Work to complete. For the listing below, output exactly the lines from the line with "This colorful trio" up to and including the line with "男性向けラノベタイトル風あだ名 | 『くいもんの嫁は女の子じゃないと思った?』 |", and no other lines.

Records for processing.
+ + + + +

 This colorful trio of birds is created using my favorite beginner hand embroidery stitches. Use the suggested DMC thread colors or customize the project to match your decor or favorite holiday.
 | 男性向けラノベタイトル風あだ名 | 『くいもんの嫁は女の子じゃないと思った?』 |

+ + + + +

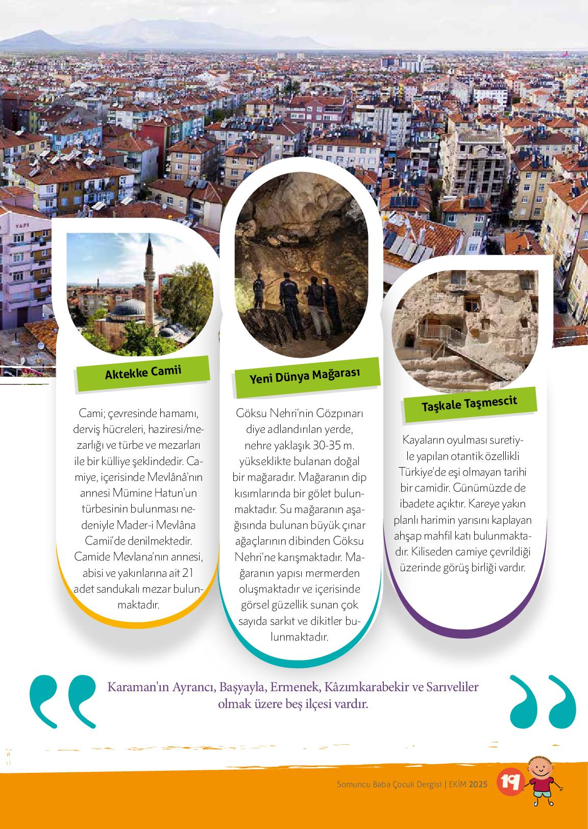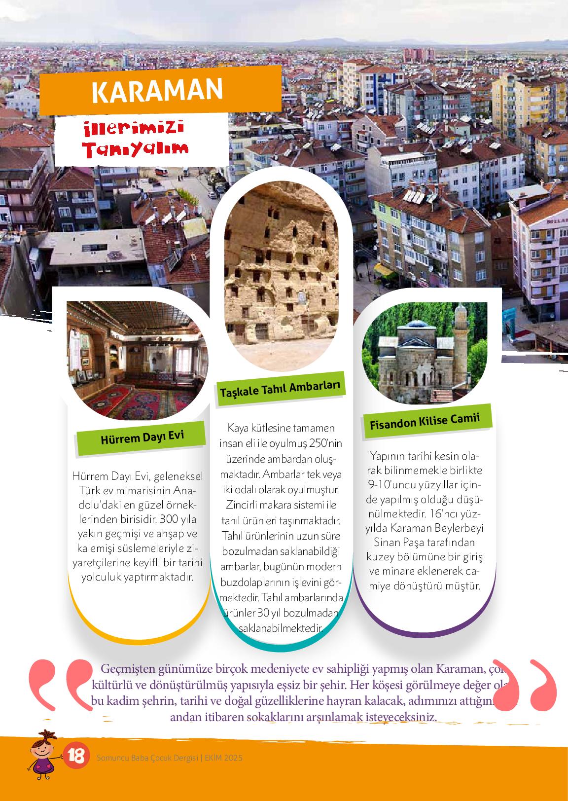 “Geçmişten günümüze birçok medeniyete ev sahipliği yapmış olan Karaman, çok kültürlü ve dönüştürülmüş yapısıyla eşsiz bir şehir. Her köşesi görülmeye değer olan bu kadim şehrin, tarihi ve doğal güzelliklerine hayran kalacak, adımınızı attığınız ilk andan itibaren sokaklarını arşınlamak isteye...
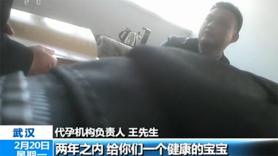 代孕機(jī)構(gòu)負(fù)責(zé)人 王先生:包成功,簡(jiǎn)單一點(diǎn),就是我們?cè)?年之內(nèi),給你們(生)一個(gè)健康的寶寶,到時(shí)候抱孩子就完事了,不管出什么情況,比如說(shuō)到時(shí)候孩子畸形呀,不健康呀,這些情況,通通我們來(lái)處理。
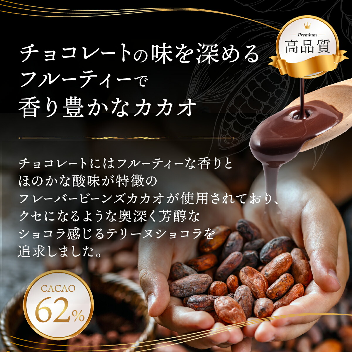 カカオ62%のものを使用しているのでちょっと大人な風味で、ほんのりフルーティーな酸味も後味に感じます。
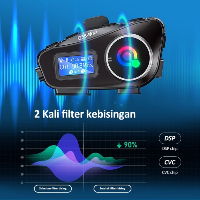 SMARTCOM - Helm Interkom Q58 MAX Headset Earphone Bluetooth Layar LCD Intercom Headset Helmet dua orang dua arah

+ + + + +

Answer to this exercise.
 This colorful trio of birds is created using my favorite beginner hand embroidery stitches. Use the suggested DMC thread colors or customize the project to match your decor or favorite holiday.
 | 男性向けラノベタイトル風あだ名 | 『くいもんの嫁は女の子じゃないと思った?』 |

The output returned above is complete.